Понятие «общественный капитал» помогает уяснить тесную связь между капитализмом и демократией. В условиях здоровой капиталистической экономики в обществе имеется достаточный общественный капитал, который обеспечивает возможности саморегулирования и самоорганизации предприятий, корпораций, систем коммерческих фирм и прочих объединений. В отсутствие такового государство может принимать меры по оказанию помощи ключевым фирмам и секторам, но почти всегда рынки действуют более эффективно, ибо решения в таком случае принимаются самими хозяйствующими субъектами.
Именно эта способность к самоорганизации необходима для обеспечения эффективности демократических политических институтов. Закон, основанный на суверенитете народа, преобразует систему свободы в систему упорядоченной свободы. Но последняя не может возникнуть из бесформенной массы неорганизованных, разобщенных индивидуумов, способных выражать свои мнения и пристрастия только во время выборов. Их слабость не позволит им адекватно выражать свои взгляды, даже если это взгляды большинства, и создаст все возможности для формирования деспотических режимов и расцвета демагогии. В условиях действенной демократии интересы и чаяния различных членов общества выражают и представляют политические партии и другие организованные политические силы. Стабильная же партийная организация может возникнуть только при условии, что люди, имеющие общие интересы, способны действовать сообща ради достижения общих целей, — а сама эта способность в конечном итоге зависит именно от наличия общественного капитала.

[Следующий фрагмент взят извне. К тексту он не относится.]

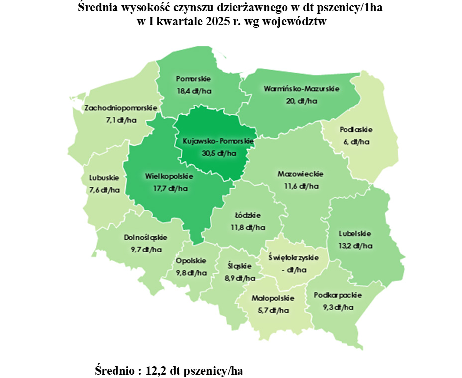 Najwyższe czynsze w 2025 r. uzyskano w województwie łódzkim - 36,8 dt/ha, następnie w kujawsko-pomorskim - 23,7 dt/ha, pomorskim – 19,3 dt/ha, podkarpackim – 18,3 dt/ha i w wielkopolskim - 17,8 dt/ha.
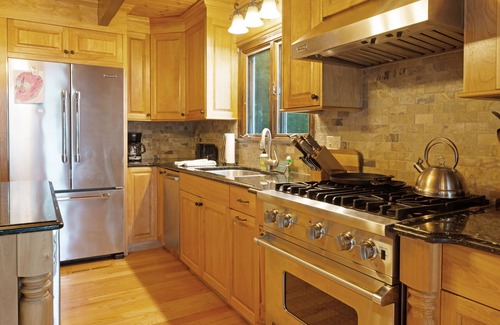 The setting is very private on a quiet waterfront peninsula, and you'll have a wood stove on the lower level for plenty of cozy ambiance. This home also has air conditioning.
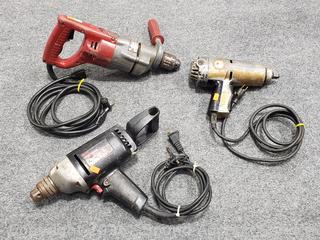Milwaukee 1/2"drill, Black & Decker electric 1/2" impact wrench, Craftsman 1/2" drill. All work, various wear from use.
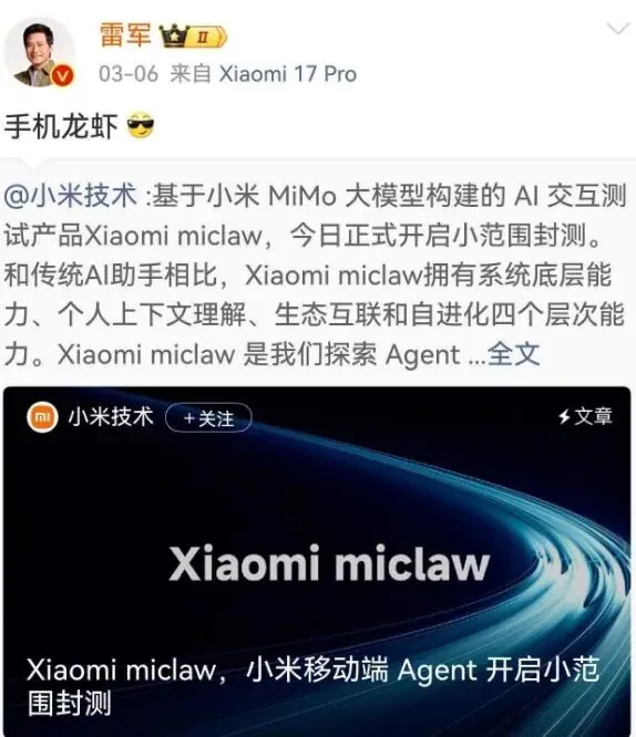 龙虾热潮进入移动端硬件。我们看到,手机大厂华为、小米、荣耀接连宣布布局手机OpenClaw应用。3月6日,小米雷军连发四篇微博,介绍说,基于小米MiMo大模型构建的AI交互测试产品 Xiaomi Miclaw开启小范围封测。

Та же самая склонность к естественной социализации, которая имеет ключевое значение для создания прочных коммерческих фирм, необходима и для формирования действенных политических организаций. В отсутствие настоящих политических партий политические группировки создаются по признаку преданности отдельным сменяющимся личностям либо на основе отношений хозяев с клиентами; они легко раскалываются и не в состоянии организовать совместные действия даже при наличии сильной мотивации к таковым. Можно предположить, что в странах, где преобладают мелкие и слабые частные фирмы, и партийные системы характеризуются раздробленностью и нестабильностью. Это подтверждает сравнение ситуации в США и Германии с положением во Франции и Италии. В посткоммунистических странах, в частности в России и на Украине, частные компании, как и политические партии, либо очень слабы, либо вообще отсутствуют, а в период выборов обозначаются лишь крайние, взаимно противоположные позиции, связанные с личностями, а не четкими политическими программами. В России «демократы»» верят в демократию и рыночную экономику на интеллектуальном уровне, но не имеют при этом навыков, необходимых для создания единой политической организации.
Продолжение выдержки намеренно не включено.